Your task: Would you return each record that follows word for word, without its pictures?

(Stored items from a collection)

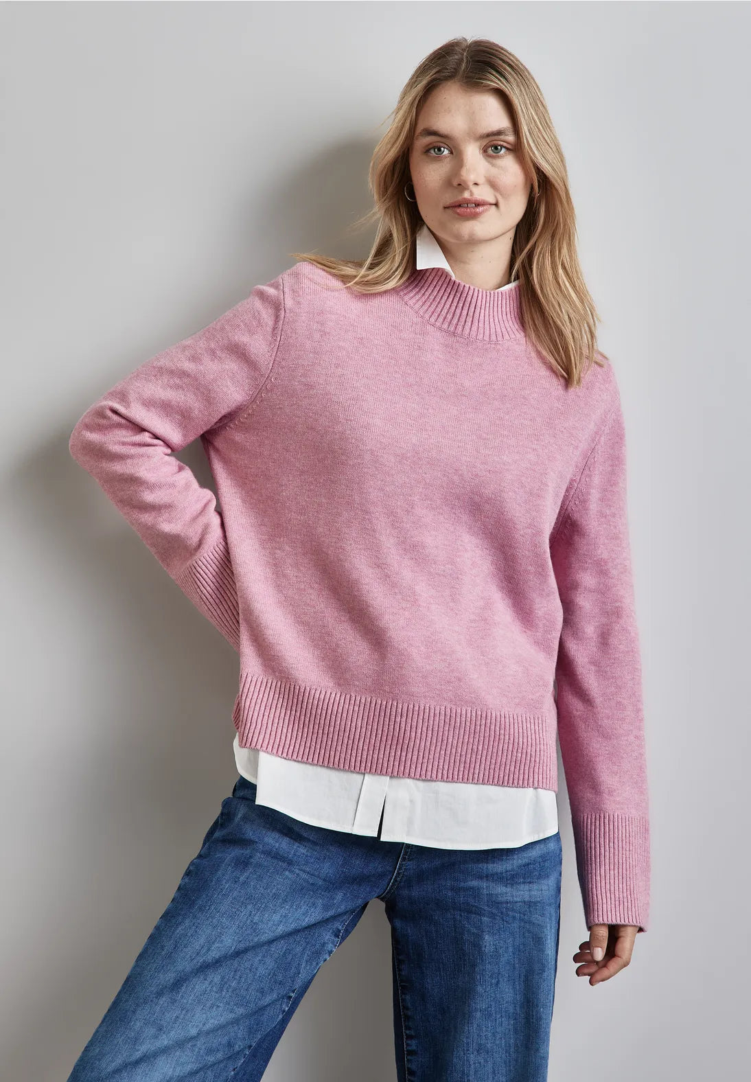 The Street One stand-up collar sweater for women is perfect for cool days. The women's sweater has long sleeves and a stand-up collar. The pleasant material mix ensures high wearing comfort.
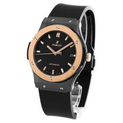 Hublot Classic Fusion Ceramic King Gold 45mm watch. Polished black ceramic case with brushed finished top and bottom center links between the lugs, Reference 511.CO.1181.RX. This model has flat matte black lacquered dial with applied brushed finished king gold toned “applique” style index hour markers and polished king gold plated hands. Date window located the 3 o’clock positions. Solid polished 18kt rose gold crown Pull / Press function and engraved with the Hublot logo. The dial closed by a Scratch-resistant Sapphire Crystal with Anti-reflective Treatment. Of Sapphire Crystal, transparent case back made. The watch is equipped fixed Solid 18kt rose gold bezel, with a brushed finished top & polished finished beveled edge, secured with 6 polished “H” style titanium screws. Black composite resin “bezel lug” sandwiched between the bezel and case. The watch is self-winding mechanical Hublot Caliber HUB1112, contains 21 Jewels and has an approximate power reserve of 42 hours. This model presented on a Black Lined Rubber Strap with 18K King Gold and Black PVD Stainless Steel Deployant Buckle Clasp. The water resistance is up to 50m/150ft (5 ATM).
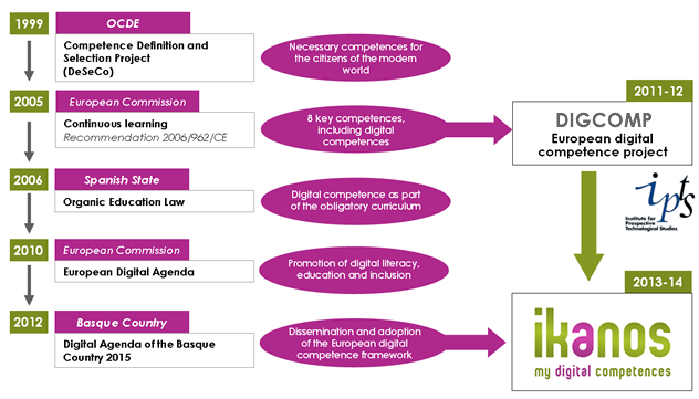 With an eminently open, participative and collaborative approach, IKANOS has, in this way, become a project designed to disseminate and promote the adoption in the Basque Country of the European digital competences framework , based on the implementation of the European DIGCOMP project , led and managed by the IPTS (Institute for Prospective Technological Studies) and validated by the European Commission in 2013.
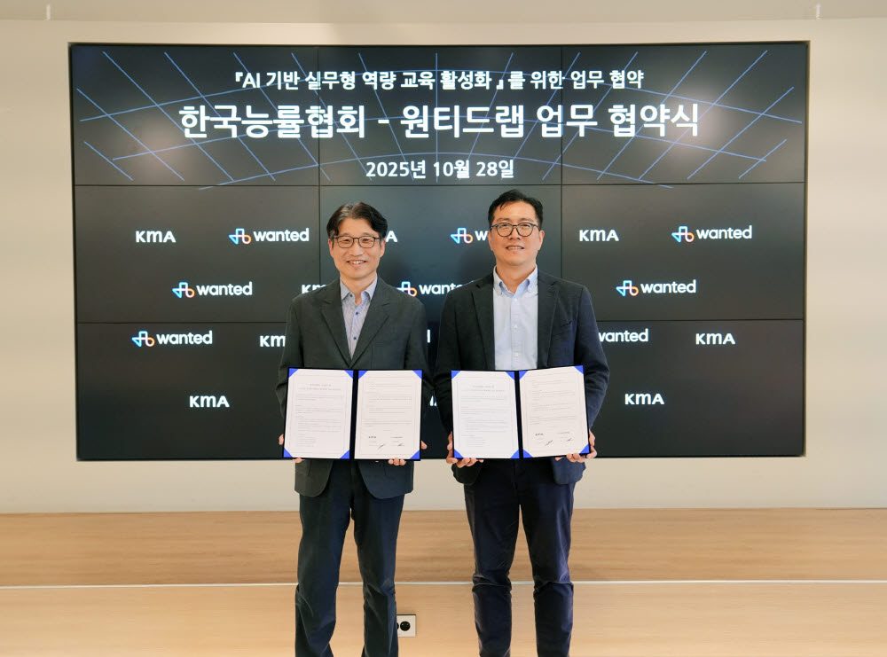 원티드랩은 한국능률협회(KMA)와 ‘AI 기반 실무형 역량 교육 활성화를 위한 업무협약’을 체결했다고 11월 4일 밝혔다. 이번 협약은 생성형 AI를 기반으로 실무형 AI 교육 생태계를 조성하고, 기업의 AI 전환 역량을 강화하는 데 목적을 둔다. 양사는 AI 교육 프로그램 공동 개발, 기업 대상 AI 실무 과정 확대, 원티드랩의 생성형 AI 플랫폼 ‘원티드 LaaS’ 기반 AI 몰입 체험 교육 프로그램 도입 및 확산 등을 단계적으로 추진할 계획이다. KMA는 원티드랩의 AI 교육 프로그램을 활용해 기업 맞춤형 교육 과정을 개발하며, 원티드랩은 KMA 고객사에 AI 활용 전략, 업무 자동화, 지식 협업 환경을 지원한다. 이번 협약을 통해 양사는 기업의 AI 리터러시를 높이고 미래형 인재 양성을 위한 AX 교육·솔루션 생태계를 함께 조성해 나갈 방침이다.
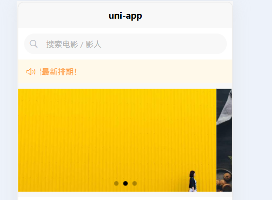 - 位于顶部,自动轮播展示热门电影海报。(推荐使用swiper)
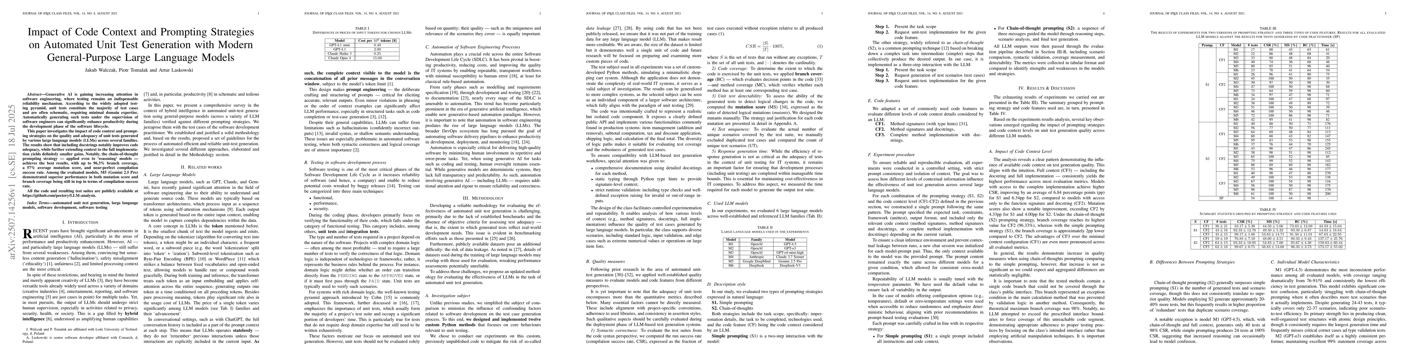 Generative AI is gaining increasing attention in software engineering, where testing remains an indispensable reliability mechanism. According to the widely adopted testing pyramid, unit tests constitute the majority of test cases and are often schematic, requiring minimal domain expertise. Automatically generating such tests under the supervision of software engineers can significantly enhance productivity during the development phase of the software lifecycle. This paper investigates the impact of code context and prompting strategies on the quality and adequacy of unit tests generated by various large language models (LLMs) across several families. The results show that including docstrings notably improves code adequacy, while further extending context to the full implementation yields definitely smaller gains. Notably, the chain-of-thought prompting strategy -- applied even to 'reasoning' models -- achieves the best results, with up to 96.3\% branch coverage, a 57\% average mutation score, and near-perfect compilation success rate. Among the evaluated models, M5 (Gemini 2.5 Pro) demonstrated superior performance in both mutation score and branch coverage being still in top in terms of compilation success rate. All the code and resulting test suites are publicly available at https://github.com/peetery/LLM-analysis.
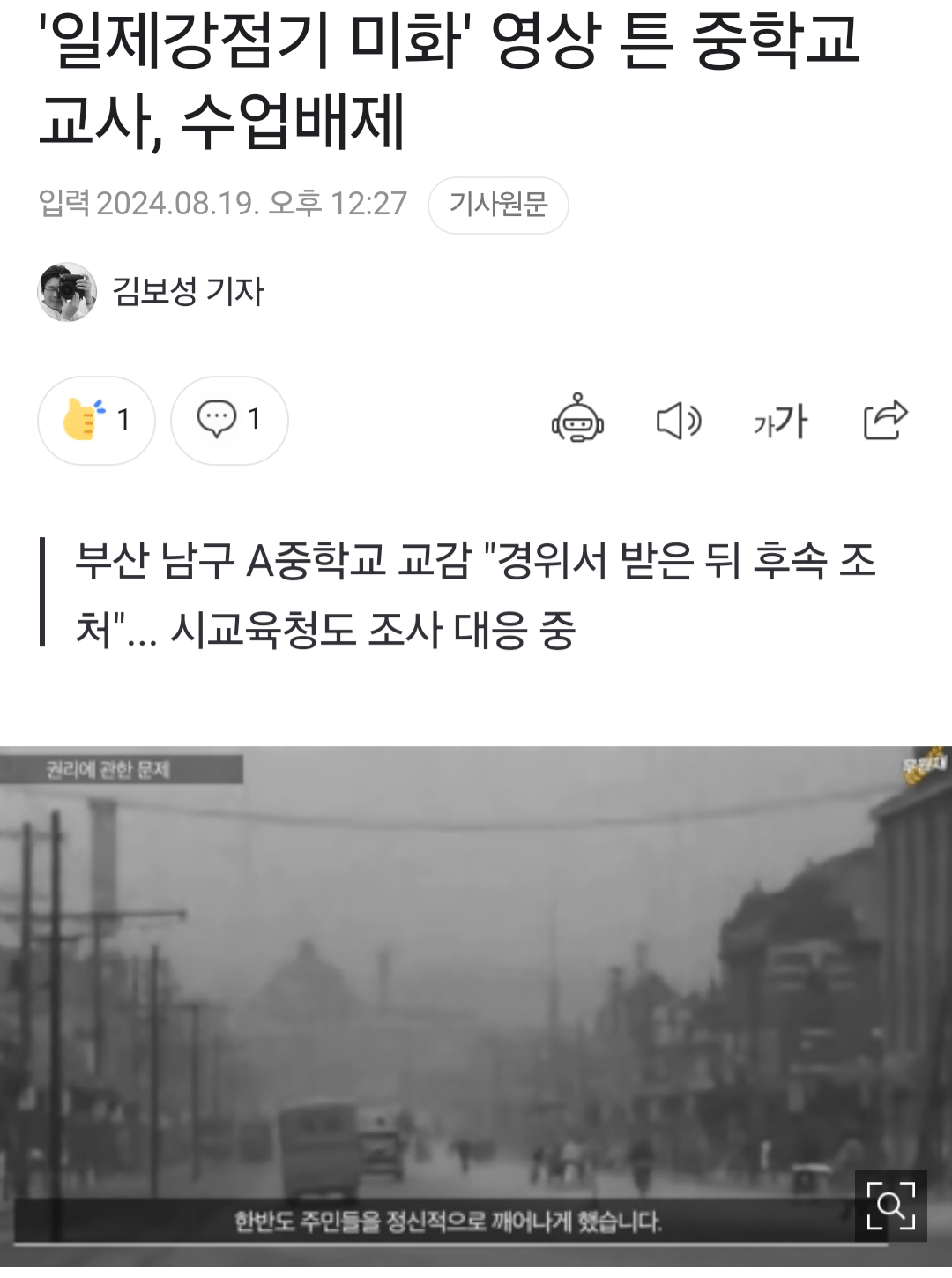 '일제강점기 미화' 영상 튼 중학교 교사, 수업배제
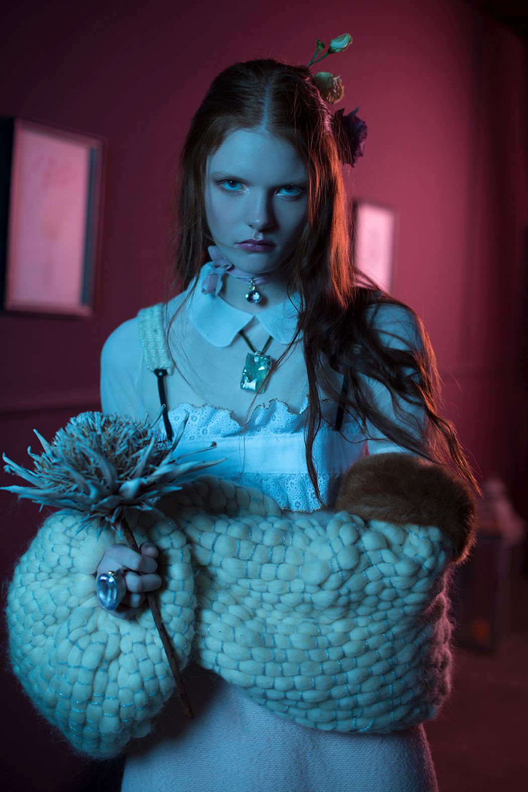 A KALTBLUT exclusive womenswear editorial. Photography and retouch by Ammy Berent. Styling and hair and make up by Simone Breu. Models are Sarah R. signed at Agency Talents Models GmbH and Mona signed at Most Wanted Models Munich. “The red walls, the beautiful red-haired fragile model, inspired us to transform her into a Red Light Diva. Our Editorial „Tell me that you love me“ is the story that, everybody wants to be loved by somebody. But… Love is a bitch!”
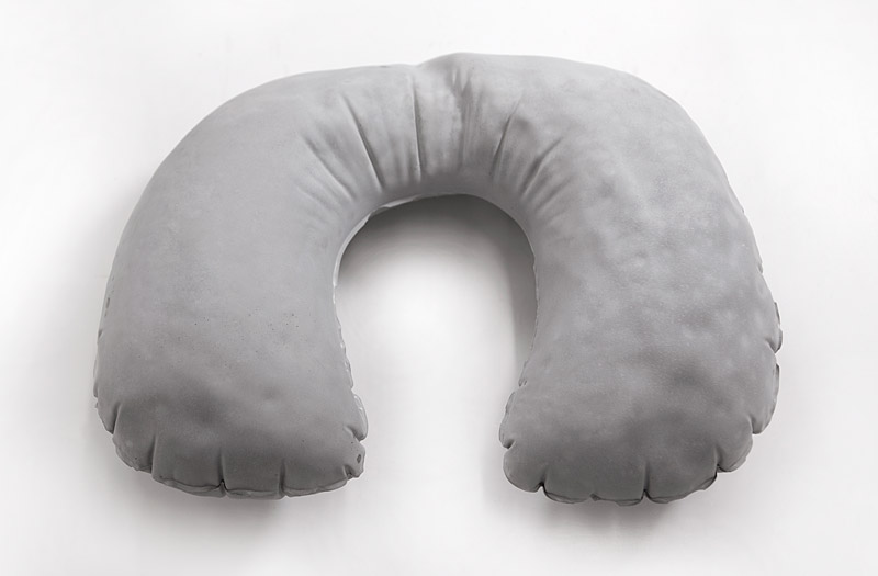 Pillow is a product by the Institute for New Feeling, an artist collective including Scott Andrew, Nina Sarnelle, and Agnes Bolt. It is a weighted cement neck pillow to be used in-flight or at home.
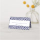 Navy Blue and White Diagonal Greek Key Pattern Place Card
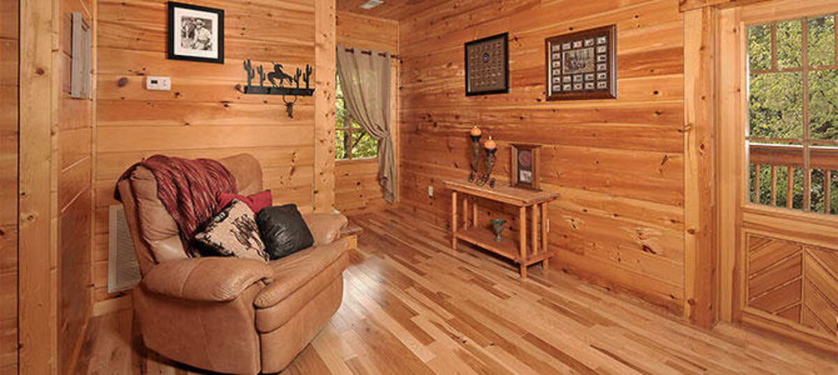 Turkey Creek Lodge is a luxurious two-bedroom cabin in Alpine Mountain Village. This stunning log home gets its name for the incredible wildlife, such as turkeys, that guests may see during their stay. Turkey Creek Lodge sleeps eight guests with one king bed, two queen beds, two twin beds and two bathrooms. This cabin is furnished with everything families need to create and enjoy the perfect Smoky Mountain getaway. On the main level, the spacious full kitchen with an island provides families with the perfect space to prepare delicious meals. Guests can gather and fellowship in the cozy living room to watch a movie by the beautiful stone fireplace. Downstairs, guests can enjoy a friendly game of pool or watch their favorite team. The third level is a great place for the kids to camp out with plenty of sleeping space. Outside on the cabin's two decks, guests can stargaze in the hot tub or relax in a rocking chair. Turkey Creek Lodge is only six miles from Dollywood theme park and Dollywood's Splash Country water park. Also, this cabin is also only minutes away from other area attractions in Pigeon Forge and Gatlinburg. Turkey Creek Lodge will not be decorated for Christmas.
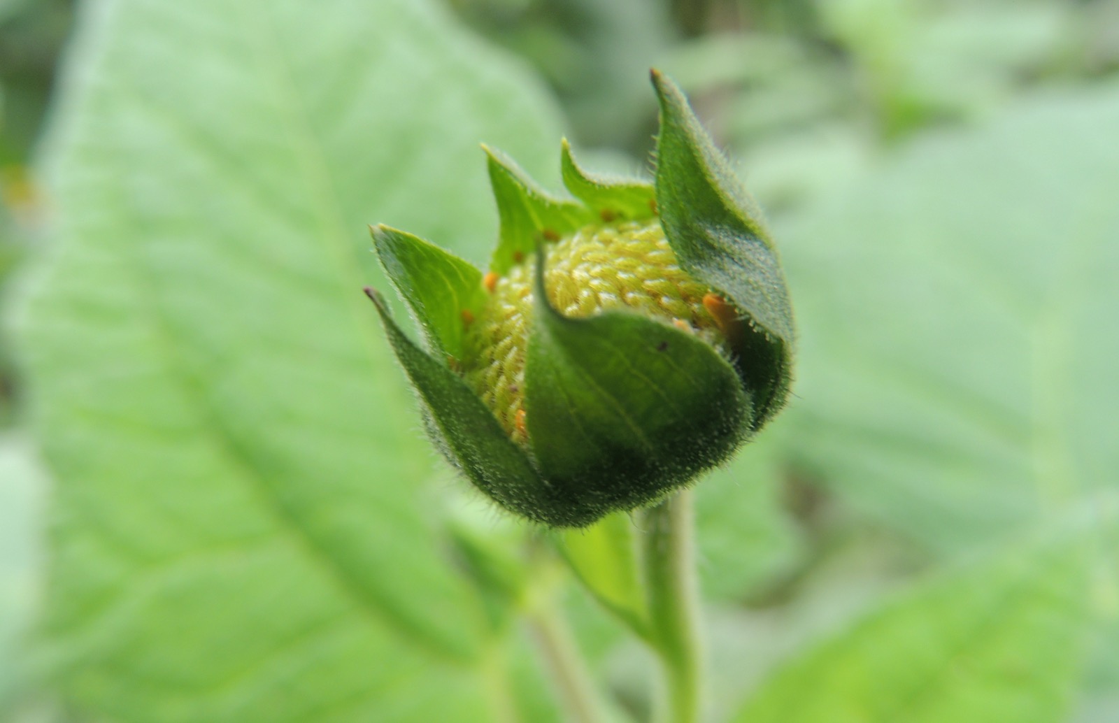 | Maia’s picture of the Yacon (peruvian ground apple) flower just opening. It is a relative of the sunflower. When it opens this means the yummy edible roots are ready to start harvesting soon. |
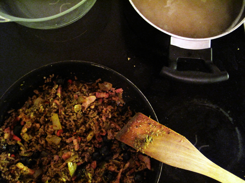 400g jauhelihaa, 125 g pekonia, silputtua, iso keltasipuli
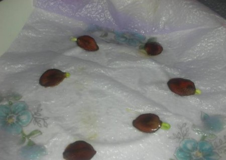 - Взяти невелику ємність, накрити вологою серветкою, розкласти насіння і підливати води, не допускаючи висихання. Ємність повинна стояти в теплому місці. Перші корінці з'являються через 12-15 днів.

Written reply:
 The Street One stand-up collar sweater for women is perfect for cool days. The women's sweater has long sleeves and a stand-up collar. The pleasant material mix ensures high wearing comfort.
 Hublot Classic Fusion Ceramic King Gold 45mm watch. Polished black ceramic case with brushed finished top and bottom center links between the lugs, Reference 511.CO.1181.RX. This model has flat matte black lacquered dial with applied brushed finished king gold toned “applique” style index hour markers and polished king gold plated hands. Date window located the 3 o’clock positions. Solid polished 18kt rose gold crown Pull / Press function and engraved with the Hublot logo. The dial closed by a Scratch-resistant Sapphire Crystal with Anti-reflective Treatment. Of Sapphire Crystal, transparent case back made. The watch is equipped fixed Solid 18kt rose gold bezel, with a brushed finished top & polished finished beveled edge, secured with 6 polished “H” style titanium screws. Black composite resin “bezel lug” sandwiched between the bezel and case. The watch is self-winding mechanical Hublot Caliber HUB1112, contains 21 Jewels and has an approximate power reserve of 42 hours. This model presented on a Black Lined Rubber Strap with 18K King Gold and Black PVD Stainless Steel Deployant Buckle Clasp. The water resistance is up to 50m/150ft (5 ATM).
 With an eminently open, participative and collaborative approach, IKANOS has, in this way, become a project designed to disseminate and promote the adoption in the Basque Country of the European digital competences framework , based on the implementation of the European DIGCOMP project , led and managed by the IPTS (Institute for Prospective Technological Studies) and validated by the European Commission in 2013.
 원티드랩은 한국능률협회(KMA)와 ‘AI 기반 실무형 역량 교육 활성화를 위한 업무협약’을 체결했다고 11월 4일 밝혔다. 이번 협약은 생성형 AI를 기반으로 실무형 AI 교육 생태계를 조성하고, 기업의 AI 전환 역량을 강화하는 데 목적을 둔다. 양사는 AI 교육 프로그램 공동 개발, 기업 대상 AI 실무 과정 확대, 원티드랩의 생성형 AI 플랫폼 ‘원티드 LaaS’ 기반 AI 몰입 체험 교육 프로그램 도입 및 확산 등을 단계적으로 추진할 계획이다. KMA는 원티드랩의 AI 교육 프로그램을 활용해 기업 맞춤형 교육 과정을 개발하며, 원티드랩은 KMA 고객사에 AI 활용 전략, 업무 자동화, 지식 협업 환경을 지원한다. 이번 협약을 통해 양사는 기업의 AI 리터러시를 높이고 미래형 인재 양성을 위한 AX 교육·솔루션 생태계를 함께 조성해 나갈 방침이다.
 - 位于顶部,自动轮播展示热门电影海报。(推荐使用swiper)
 Generative AI is gaining increasing attention in software engineering, where testing remains an indispensable reliability mechanism. According to the widely adopted testing pyramid, unit tests constitute the majority of test cases and are often schematic, requiring minimal domain expertise. Automatically generating such tests under the supervision of software engineers can significantly enhance productivity during the development phase of the software lifecycle. This paper investigates the impact of code context and prompting strategies on the quality and adequacy of unit tests generated by various large language models (LLMs) across several families. The results show that including docstrings notably improves code adequacy, while further extending context to the full implementation yields definitely smaller gains. Notably, the chain-of-thought prompting strategy -- applied even to 'reasoning' models -- achieves the best results, with up to 96.3\% branch coverage, a 57\% average mutation score, and near-perfect compilation success rate. Among the evaluated models, M5 (Gemini 2.5 Pro) demonstrated superior performance in both mutation score and branch coverage being still in top in terms of compilation success rate. All the code and resulting test suites are publicly available at https://github.com/peetery/LLM-analysis.
 '일제강점기 미화' 영상 튼 중학교 교사, 수업배제
 A KALTBLUT exclusive womenswear editorial. Photography and retouch by Ammy Berent. Styling and hair and make up by Simone Breu. Models are Sarah R. signed at Agency Talents Models GmbH and Mona signed at Most Wanted Models Munich. “The red walls, the beautiful red-haired fragile model, inspired us to transform her into a Red Light Diva. Our Editorial „Tell me that you love me“ is the story that, everybody wants to be loved by somebody. But… Love is a bitch!”
 Pillow is a product by the Institute for New Feeling, an artist collective including Scott Andrew, Nina Sarnelle, and Agnes Bolt. It is a weighted cement neck pillow to be used in-flight or at home.
 Navy Blue and White Diagonal Greek Key Pattern Place Card
 Turkey Creek Lodge is a luxurious two-bedroom cabin in Alpine Mountain Village. This stunning log home gets its name for the incredible wildlife, such as turkeys, that guests may see during their stay. Turkey Creek Lodge sleeps eight guests with one king bed, two queen beds, two twin beds and two bathrooms. This cabin is furnished with everything families need to create and enjoy the perfect Smoky Mountain getaway. On the main level, the spacious full kitchen with an island provides families with the perfect space to prepare delicious meals. Guests can gather and fellowship in the cozy living room to watch a movie by the beautiful stone fireplace. Downstairs, guests can enjoy a friendly game of pool or watch their favorite team. The third level is a great place for the kids to camp out with plenty of sleeping space. Outside on the cabin's two decks, guests can stargaze in the hot tub or relax in a rocking chair. Turkey Creek Lodge is only six miles from Dollywood theme park and Dollywood's Splash Country water park. Also, this cabin is also only minutes away from other area attractions in Pigeon Forge and Gatlinburg. Turkey Creek Lodge will not be decorated for Christmas.
 | Maia’s picture of the Yacon (peruvian ground apple) flower just opening. It is a relative of the sunflower. When it opens this means the yummy edible roots are ready to start harvesting soon. |
 400g jauhelihaa, 125 g pekonia, silputtua, iso keltasipuli
 - Взяти невелику ємність, накрити вологою серветкою, розкласти насіння і підливати води, не допускаючи висихання. Ємність повинна стояти в теплому місці. Перші корінці з'являються через 12-15 днів.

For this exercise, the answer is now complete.